The waitress delivered three round water glasses, now scarred nearly gray by a thousand trips through the dishwasher. She half filled them, from a battered stainless-steel water pitcher, with a red liquid.
"Frankie said his grandfather made it over in Jersey," the waitress said.
Wohl picked up his glass, then stood up, called "Frankie," and, when he had his attention, called "Salud!" and then sat down again.
Walter Davis, thinking,Oh, God, homemade Dago Red! took a swallow. It was surprisingly good.
"You're almost certainly drinking an alcoholic beverage on which the applicable federal tax has not been paid," Wohl said. "Does that bother you?"
"Not a damned bit, to tell you the truth," Davis said. He stood up, called "Frankie" and then "Salud!" and then sat down, looking at Wohl, obviously pleased with himself.
Wohl chuckled, then looked at Matt Payne.

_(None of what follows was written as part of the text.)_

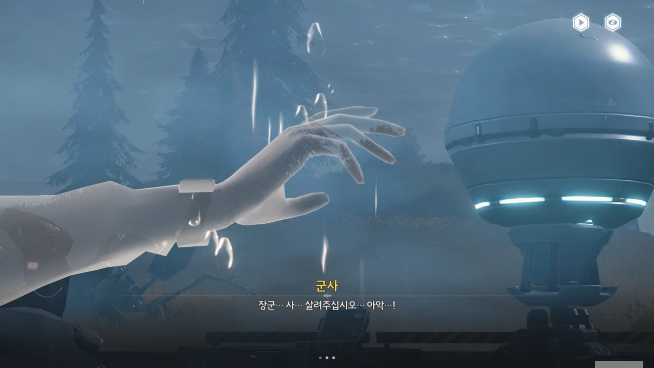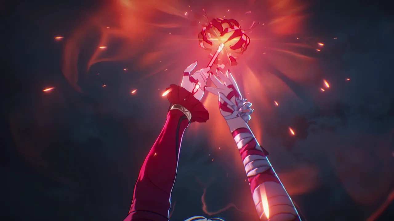 붉은 옷을 입은 한 여자가 붉은 꽃 같은 걸 손에 들고 마치 지휘하듯 휘두르자, 잔상들이 물에서 솟아 나와 진격한다. 잔상들의 눈이 붉게 빛나는 걸 보니, 이 여자가 잔상들을 조종하고 있는 것으로 보인다.

"Matt, when we get back to the office, round up everything in my files on the Nelson murder case. Make a copy of everything. Then go to Homicide and do the same thing. Then find Detective Harris and photocopy everything he has. Have it ready for me in the morning."
"Yes, sir," Matt Payne said.
"I'll take a look at it, see if anything is missing, and then you can take it to the FBI. Soon enough for you, Walter?"
"Thank you, Peter. 'Harris,' you said, was the detective on the job? Any chance that I could talk to him?"
"You, or one of your people?"
"Actually, I was thinking of one of my people."
"Tony Harris is the exception to the rule that most detectives really would rather be FBI agents, Walter. I don't think that would be very productive."
"I thought everybody loved us," Davis said.
"We all do. Isn't that so, Officer Payne?"
"Yes, sir. We all love the FBI."
The waitress with the beehive hairdo delivered their meal.
The veal was, Walter Davis was willing to admit, better than the veal in Ristorante Alfredo. And the homemade Chianti was nicer than some of the dry red wine he'd had at twenty-five dollars a bottle in Ristorante Alfredo.
But he knew that neither the quality of the food nor its considerably cheaper than Ristorante Alfredo prices were the reasons Peter Wohl had brought him here for lunch.